Calpine Can't Be Counted Out

In a notable change from recent trends -- and a welcome one for those long -- stock proxies were able to sustain midday strength today, although trading volume remains muted.

Stocks were inspired by a combination of stronger-than-expected retail sales data, hopeful comments from Applied Materials ( AMAT), better-than-expected earnings from Office Depot ( ODP) and a buyback announcement by Johnson & Johnson ( JNJ).

In addition to the above, stocks proxies were also buoyed as accounting issues took a reprieve, although Qwest Communication ( Q) fell 6.7% after The Wall Street Journal took a critical look at its accounting practices.

Thinking of firms under an accounting glare brings us back to Brett Gallagher, who oversees about $3.5 billion as head of U.S. equities at Julius Baer Asset Management.

As noted Monday night, Julius Baer has long positions in two firms that have been caught in the accounting maelstrom, Calpine ( CPN) and Tyco ( TYC).

Regarding Calpine, an independent power producer whose shares have been battered in the wake of Enron's implosion and concerns about its cash flow, Gallagher said Julius Baer began buying at about $16 a share and bought more at $11. Today, Calpine fell 6.8% to $7.98.

Despite the ongoing weakness in Calpine shares, and a recently announced SEC inquiry into the firm's disclosure practices, "we're definitely still positively biased toward the stock," Gallagher said. "This is a situation where the market has allowed panic to set in."

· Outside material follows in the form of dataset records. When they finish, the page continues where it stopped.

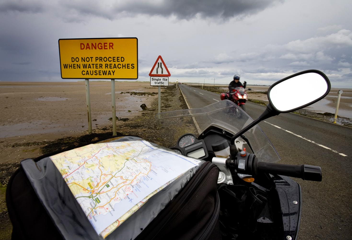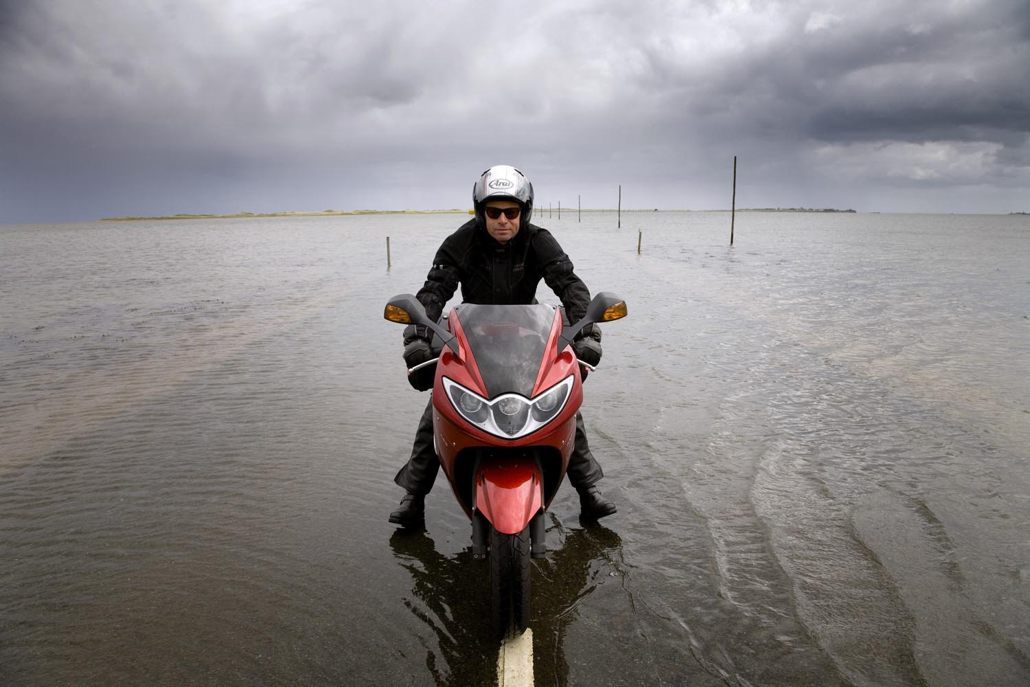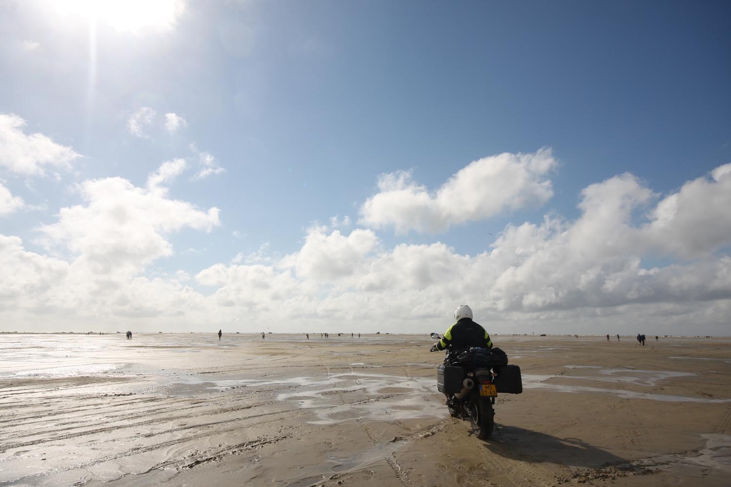 Tijdens een rondje om het kasteel heb ik de tijd goed in de gaten gehouden: mis je het juiste moment, dan zit je zeker zes uur vast op het kasteeleiland. Maar ik ben te vroeg. Voor me gaat de weg nog schuil onder een kabbelende golfslag. Kilometers water scheiden me van de kust. Het is fascinerend om te zien hoe de zee zich terugtrekt en hoe over de zanderige zeebodem een gave asfaltloper wordt uitgerold. Al gauw rij ik langs borden die waarschuwen voor het wassende water. Wie die raad in de wind slaat, zal in een noodgeval het vege lijf moeten redden in één van de schuilhutjes op palen. Tsja, en dan maar wachten, boven de klotsende golven, onder het hoongelach van door de lucht schietende kokmeeuwen.
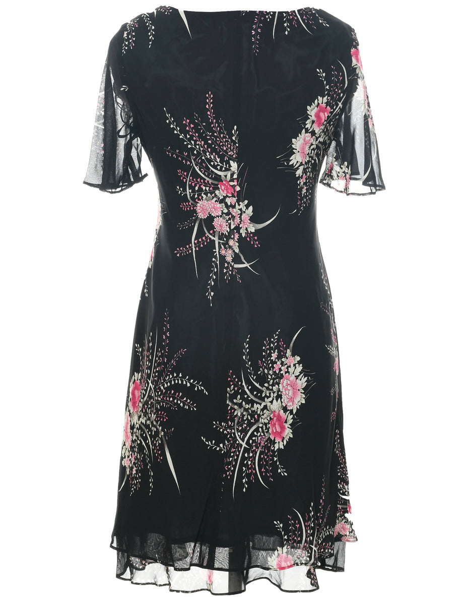 Floral print dress. Comes in black with a round neck.
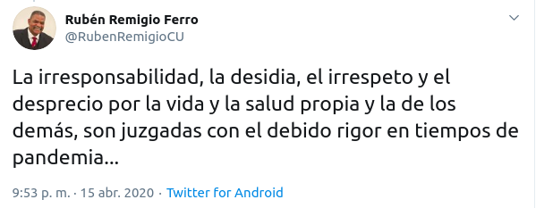 “La irresponsabilidad, la desidia, el irrespeto y el desprecio por la vida y la salud propia y la de los demás, son juzgadas con el debido rigor en tiempos de pandemia”, agregó Remigio.
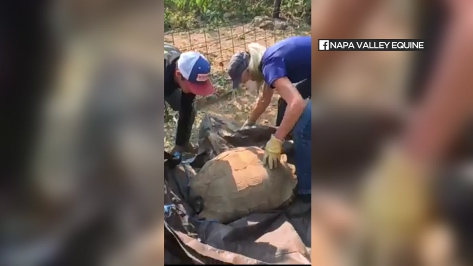 A Napa Valley equine vet posted video on Facebook showing a search and rescue team led by Napa County Animal Control evacuating an 85-year-old, 200-pound tortoise.
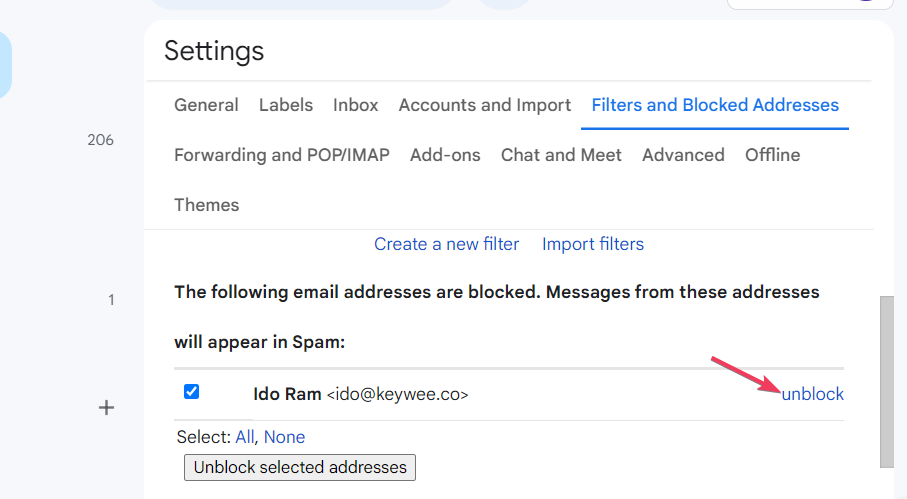 E -postaların nasıl engellenebileceğiniz farklı e -posta hizmetleri ve uygulamalar arasında değişir. Ancak, filtre ayarlarında sık sık engellenmiş e -postaları bulabilirsiniz. Örneğin, Gmail'de tıklayabilirsinizAyarlar>Tüm ayarları görün>Filtreler ve bloke edilmiş adreslerEngellenen e -posta etki alanlarını görüntülemek için.
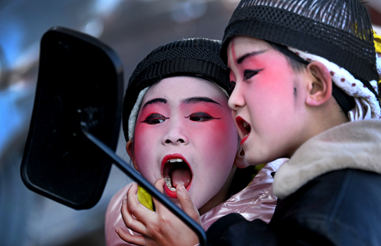 2月19日,西安市临潼区栎阳街道卷子村参加“背芯子”表演的两名小朋友查看自己的化妆效果。

Gallagher's optimism is based mainly on the following factors:
  • The company's existing power purchase contracts were valued at $6.5 billion at the end of the fourth quarter;
  • The company has about $16 billion in power generating assets either in operation or under construction;
  • Following its $1.2 billion sale of convertible notes in December, the company had $1.5 billion of cash on hand at year-end 2001;
  • Although the company is heavily indebted, none of its $11.5 billion of long-term debt outstanding at the end of 2001 is due this year or next. Furthermore, proceeds from the convertible offering will more than cover the more than $800 million in putable bonds, which are likely to be exercised in April.
  • The company's accounts receivable and inventory are worth $969 million in a forced liquidation, even assuming a 40% discount.
  • "The only way we're wrong is if it's a fraud a la Enron," he said, arguing the company's breakup value exceeds $20 a share. "Given the simplicity of Calpine's business relative to Enron and the fact you can see the assets, the probability of that is pretty minimal."

    Gallagher also noted the company can afford to curtail its power building plans until market conditions -- and market perceptions -- improve. Last month the company put 34 projects on hold and cut its 2002 capital spending plan by as much as $2 billion.

    In that light, Calpine is starkly different than Tyco, which "has had the split thrust upon them" by the market's skittishness and resultant rise in its financing costs, he said. Today, Tyco fell 5.3% to $28.90 after warning its second-quarter estimates may not meet consensus expectations, due in part to those higher borrowing costs.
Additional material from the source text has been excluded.